TASK DESCRIPTION: Exactly the lines below from the one with "ICCS - NFLD 1918C 50 Cent VF-30" up to and including the one with "Snuggle up in" make up the answer, with nothing else added.

[Data items]
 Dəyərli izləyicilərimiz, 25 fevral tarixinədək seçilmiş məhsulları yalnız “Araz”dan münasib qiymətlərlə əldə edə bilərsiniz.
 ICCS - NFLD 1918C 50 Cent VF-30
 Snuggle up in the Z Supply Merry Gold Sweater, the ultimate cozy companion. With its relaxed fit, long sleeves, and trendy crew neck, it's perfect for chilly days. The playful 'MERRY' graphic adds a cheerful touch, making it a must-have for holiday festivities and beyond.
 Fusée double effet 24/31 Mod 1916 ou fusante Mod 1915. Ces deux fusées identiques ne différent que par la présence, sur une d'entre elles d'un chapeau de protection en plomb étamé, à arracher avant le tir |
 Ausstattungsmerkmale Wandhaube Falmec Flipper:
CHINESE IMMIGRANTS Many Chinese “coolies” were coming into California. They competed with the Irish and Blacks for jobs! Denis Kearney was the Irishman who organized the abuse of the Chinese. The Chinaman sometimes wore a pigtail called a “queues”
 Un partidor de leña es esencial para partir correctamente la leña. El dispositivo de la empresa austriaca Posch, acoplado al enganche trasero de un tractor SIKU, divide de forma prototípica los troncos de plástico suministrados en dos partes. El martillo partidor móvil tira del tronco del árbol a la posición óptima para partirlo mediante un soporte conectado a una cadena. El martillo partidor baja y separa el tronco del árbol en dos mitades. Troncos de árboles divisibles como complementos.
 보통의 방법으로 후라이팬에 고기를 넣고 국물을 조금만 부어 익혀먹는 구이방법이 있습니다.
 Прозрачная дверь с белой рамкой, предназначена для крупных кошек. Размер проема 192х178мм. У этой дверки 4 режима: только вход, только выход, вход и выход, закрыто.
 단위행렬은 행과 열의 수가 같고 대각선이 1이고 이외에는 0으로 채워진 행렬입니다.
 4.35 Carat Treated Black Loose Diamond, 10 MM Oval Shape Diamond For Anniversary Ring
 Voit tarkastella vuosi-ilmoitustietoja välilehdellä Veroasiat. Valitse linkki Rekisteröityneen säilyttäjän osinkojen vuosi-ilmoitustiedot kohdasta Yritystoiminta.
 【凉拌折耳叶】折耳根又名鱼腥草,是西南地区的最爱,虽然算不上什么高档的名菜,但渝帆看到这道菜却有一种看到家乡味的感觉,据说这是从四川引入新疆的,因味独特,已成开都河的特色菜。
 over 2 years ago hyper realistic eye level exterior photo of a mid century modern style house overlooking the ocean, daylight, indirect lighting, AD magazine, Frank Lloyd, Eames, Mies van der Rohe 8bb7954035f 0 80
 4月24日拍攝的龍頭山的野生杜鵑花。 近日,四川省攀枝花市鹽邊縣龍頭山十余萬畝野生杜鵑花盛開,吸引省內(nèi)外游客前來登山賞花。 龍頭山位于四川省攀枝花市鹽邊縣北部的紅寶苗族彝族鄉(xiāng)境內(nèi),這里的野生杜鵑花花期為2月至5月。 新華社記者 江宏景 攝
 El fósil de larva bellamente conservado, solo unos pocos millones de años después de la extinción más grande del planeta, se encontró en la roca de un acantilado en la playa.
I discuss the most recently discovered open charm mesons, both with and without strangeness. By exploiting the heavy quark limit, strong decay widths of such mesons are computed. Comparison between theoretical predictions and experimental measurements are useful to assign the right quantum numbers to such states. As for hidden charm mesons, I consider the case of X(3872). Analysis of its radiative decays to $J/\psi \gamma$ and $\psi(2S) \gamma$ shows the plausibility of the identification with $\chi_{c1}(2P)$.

EXPECTED ANSWER:
 ICCS - NFLD 1918C 50 Cent VF-30
 Snuggle up in the Z Supply Merry Gold Sweater, the ultimate cozy companion. With its relaxed fit, long sleeves, and trendy crew neck, it's perfect for chilly days. The playful 'MERRY' graphic adds a cheerful touch, making it a must-have for holiday festivities and beyond.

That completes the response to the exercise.